Among the yeasts tested in this study, the strain with an additional copy of the GUT1 gene (1.31.GUT1/6) utilized glycerol most rapidly under erythritol biosynthesis conditions (Figure 4). The volumetric (QGLY) and specific (qGLY) rates of glycerol consumption were 2.44 g/Lh and 0.176 g/gh, respectively. However, high values of the qGLY and QGLY parameters were also observed for the strain with overexpression of the two genes GUT1 and CIT1 (1.31.GUT1/6.CIT1/3).
However, a high rate of glycerol utilization was not linked with high erythritol secretion in the medium culture of both of the aforementioned strains was characterized by the lowest erythritol concentrations (Figure 5A). However, these strains stood out in terms of mannitol production, which was to about 20 g/L.

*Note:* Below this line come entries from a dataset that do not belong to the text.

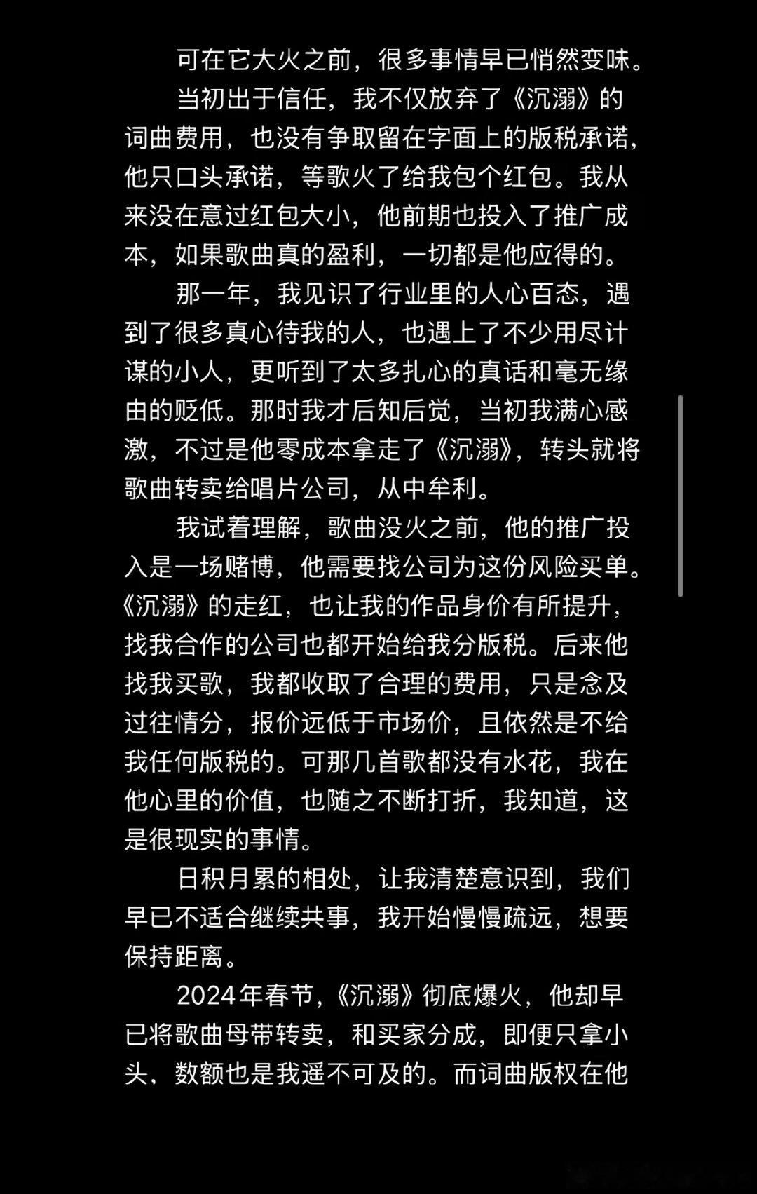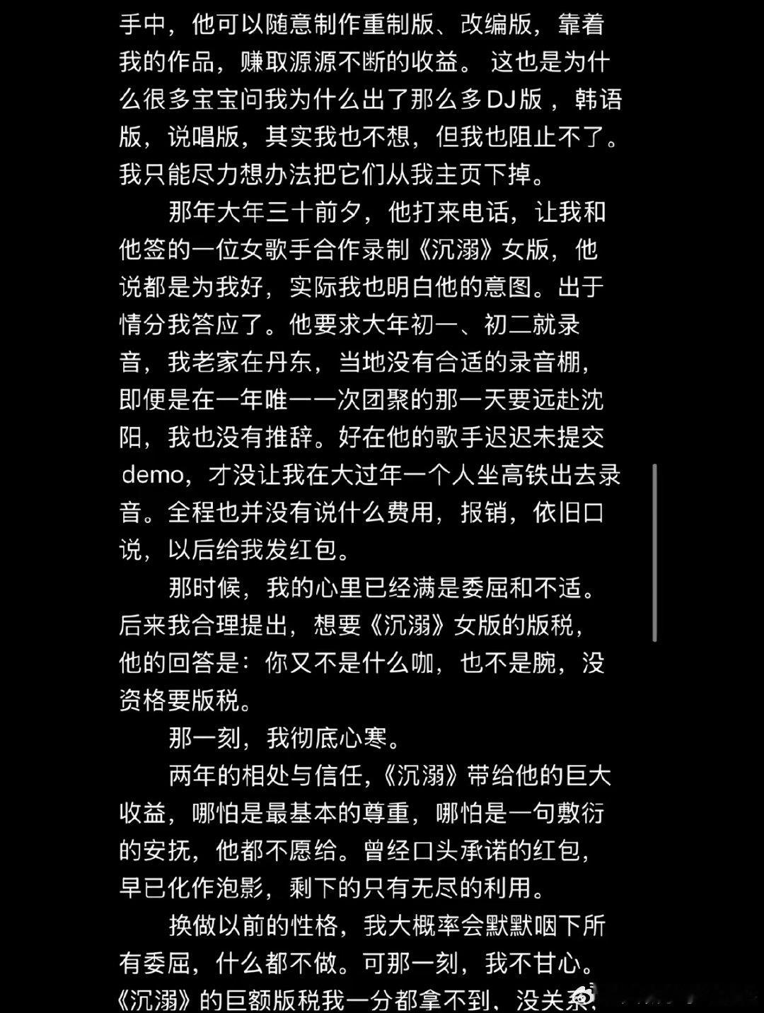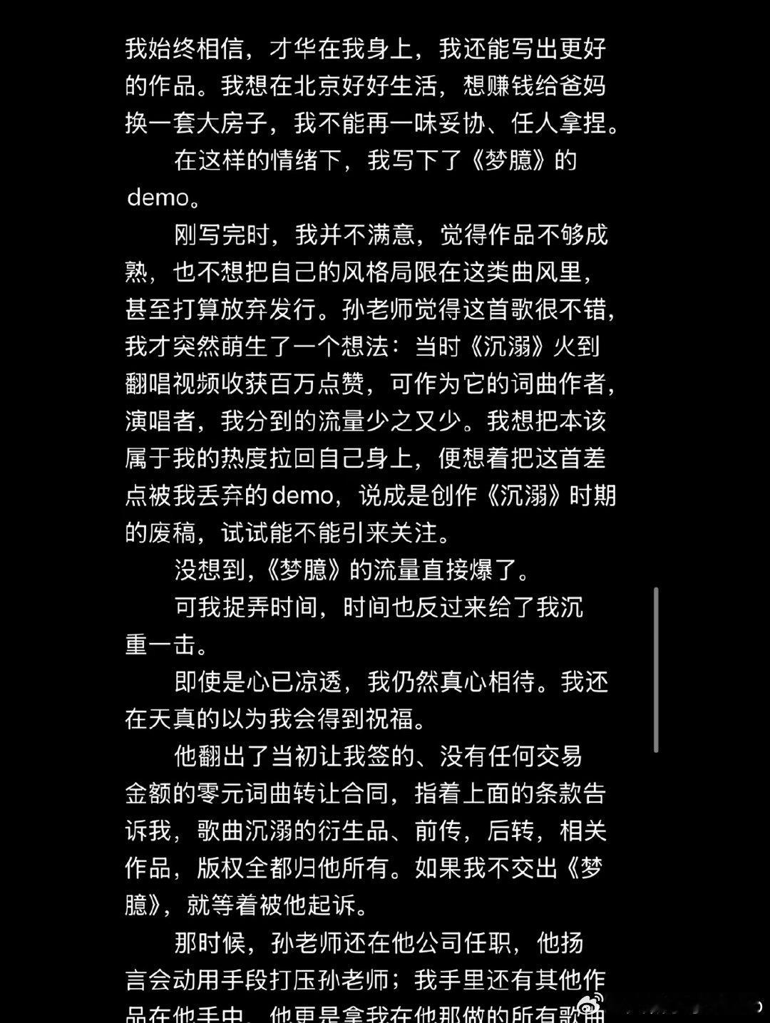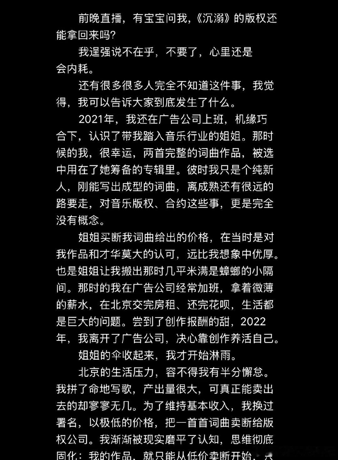 【邹沛沛长文控诉版权方 】邹沛沛曾因版权被威胁 4月26日晚,邹沛沛在长文中回应了《沉溺》的版权归属问题:她2021年入行时是新人,为维持生计曾低价卖断作品,《沉溺》因无人看好推广前景,她最后出于信任将词曲免费交给一位行业前辈推广,未签署任何书面版税协议,仅得到“歌火了给红包”的口头承诺。邹沛沛回应沉溺版权
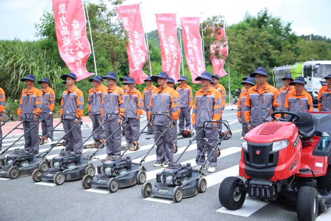 战旗飘扬,誓言铮铮,180余名城市服务工作者在横琴粤澳深度合作区爱琴路集结会师,35种100余台机械化装备轮番上阵显身手,一场斗志昂扬的誓师大会擂响下半年冲刺战鼓。
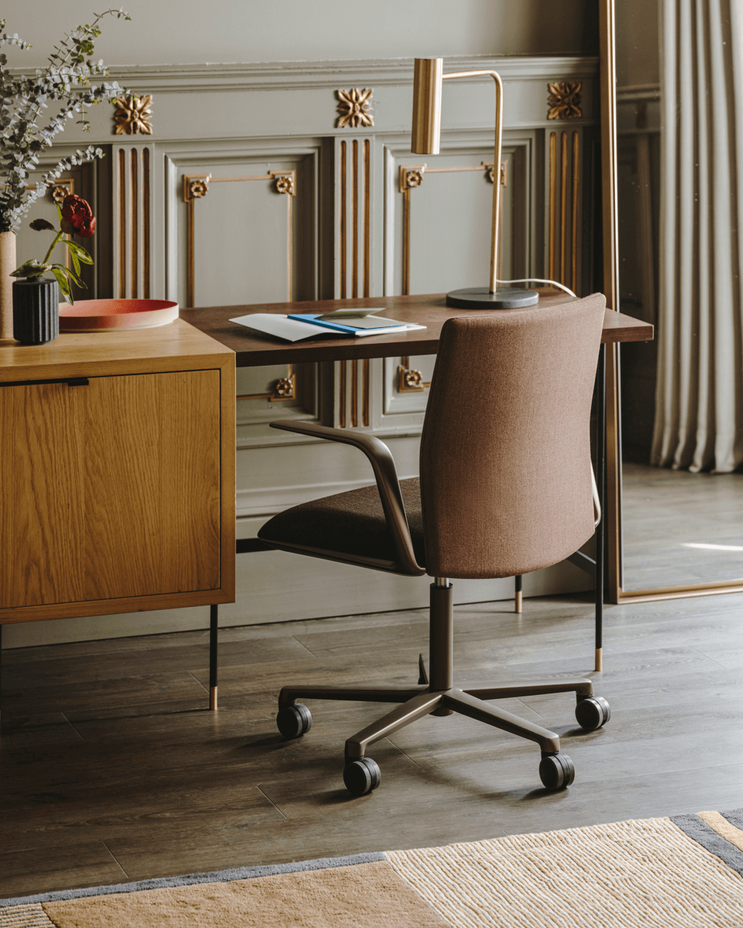 Lo stesso colore assume uno stile completamente diverso nel divano Shaal di Arper: disegnato dallo studio Doshi Levien è come un cesto foderato di morbidi cuscini e nella versione Mocha Mousse è accogliente e sofisticato. La stessa azienda propone, per la zona studio, la seduta Kinesit Met di Lievore Altherr Molina: dal 2021 disponibile in una palette di toni caldi e materici perfettamente in armonia con il Mocha Mousse.

Mannitol biosynthesis often accompanies the biosynthesis of erythritol and citrate by Y. lipolytica, but it is usually utilized by the yeast even before glycerol is depleted. This usually leads to lowering of the final concentration of mannitol in the post-culture broth to several grams per liter. In addition, it is known that in Y. lipolytica cells, high osmotic pressure primarily promotes the formation of erythritol rather than mannitol. Moreover, addition of NaCl to the medium additionally inhibits mannitol dehydrogenase, favoring pure erythritol biosynthesis [54].

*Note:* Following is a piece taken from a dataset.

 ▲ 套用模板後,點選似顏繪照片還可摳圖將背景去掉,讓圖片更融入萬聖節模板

It is worth emphasizing that the strains 1.31.GUT1/6 and 1.31.GUT1/6.CIT1/3 consumed glycerol very quickly (Figure 4), thus lowering the osmotic pressure, which in turn could correlate with a higher production of mannitol. Furthermore, no significant differences in biomass levels were observed between these strains, so rapid input of the carbon source into the cell could be easily directed to gluconeogenesis and to the pentose phosphate pathway. An intermediate compound in the pathway of glycerol to glucose-6-phosphate is fructose-1,6-bisphosphate and then fructose-6-phosphate, which is a direct precursor of mannitol-1-phosphate, which may explain the high concentration of mannitol in the cultures of these strains.

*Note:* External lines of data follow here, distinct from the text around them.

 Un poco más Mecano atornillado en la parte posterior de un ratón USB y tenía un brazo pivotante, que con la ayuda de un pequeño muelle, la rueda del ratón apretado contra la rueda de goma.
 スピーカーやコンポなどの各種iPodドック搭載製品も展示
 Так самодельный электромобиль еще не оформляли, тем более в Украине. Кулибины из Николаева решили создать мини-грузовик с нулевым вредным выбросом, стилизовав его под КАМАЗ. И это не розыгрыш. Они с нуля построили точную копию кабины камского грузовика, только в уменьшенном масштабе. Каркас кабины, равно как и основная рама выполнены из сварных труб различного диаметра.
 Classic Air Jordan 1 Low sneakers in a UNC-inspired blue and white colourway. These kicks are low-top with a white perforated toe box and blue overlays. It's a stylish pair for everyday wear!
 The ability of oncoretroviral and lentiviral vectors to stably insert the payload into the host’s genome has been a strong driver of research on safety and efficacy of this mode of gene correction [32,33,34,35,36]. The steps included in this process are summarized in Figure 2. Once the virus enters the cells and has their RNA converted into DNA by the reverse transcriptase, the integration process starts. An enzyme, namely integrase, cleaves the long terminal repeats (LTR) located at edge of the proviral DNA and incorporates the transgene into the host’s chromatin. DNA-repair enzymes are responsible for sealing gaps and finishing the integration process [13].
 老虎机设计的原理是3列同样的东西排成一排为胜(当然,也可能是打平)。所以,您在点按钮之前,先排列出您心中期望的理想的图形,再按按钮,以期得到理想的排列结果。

Strains containing the organic acid transporter gene, 1.31.GUT1/6.CIT1/3.E34672g and 1.31.E34672g, were characterized by very high secretion of total metabolites, 103.5 and 114.0 g/L, respectively (Figure 5A). Among these products, polyols—erythritol and mannitol—predominated; however, for the strain 1.31.E34672g, formation of a relatively high amount (34.7 g/L) of citrates was observed. In this study, two transformants of the Wratislavia 1.31 strain, 1.31.GUT1/6.CIT1/3.E34672g and 1.31CIT1/3, produced 12% and 3% more erythritol with a higher yield than the parental strain. It was evident that in the 1.31.GUT1/6.CIT1/3.E34672g strain, the introduction of the E34672g gene significantly improved the erythritol biosynthesis process compared to the 1.31.GUT1/6.CIT1/3 strain. It seems that the increased flux of intracellular metabolites between the mitochondrion and cytoplasm proved to be crucial for this process. In the media for erythritol and citrates production used in this study, the C:N ratio was 110:1, so the limiting factor for yeast growth in both cases was a low nitrogen level.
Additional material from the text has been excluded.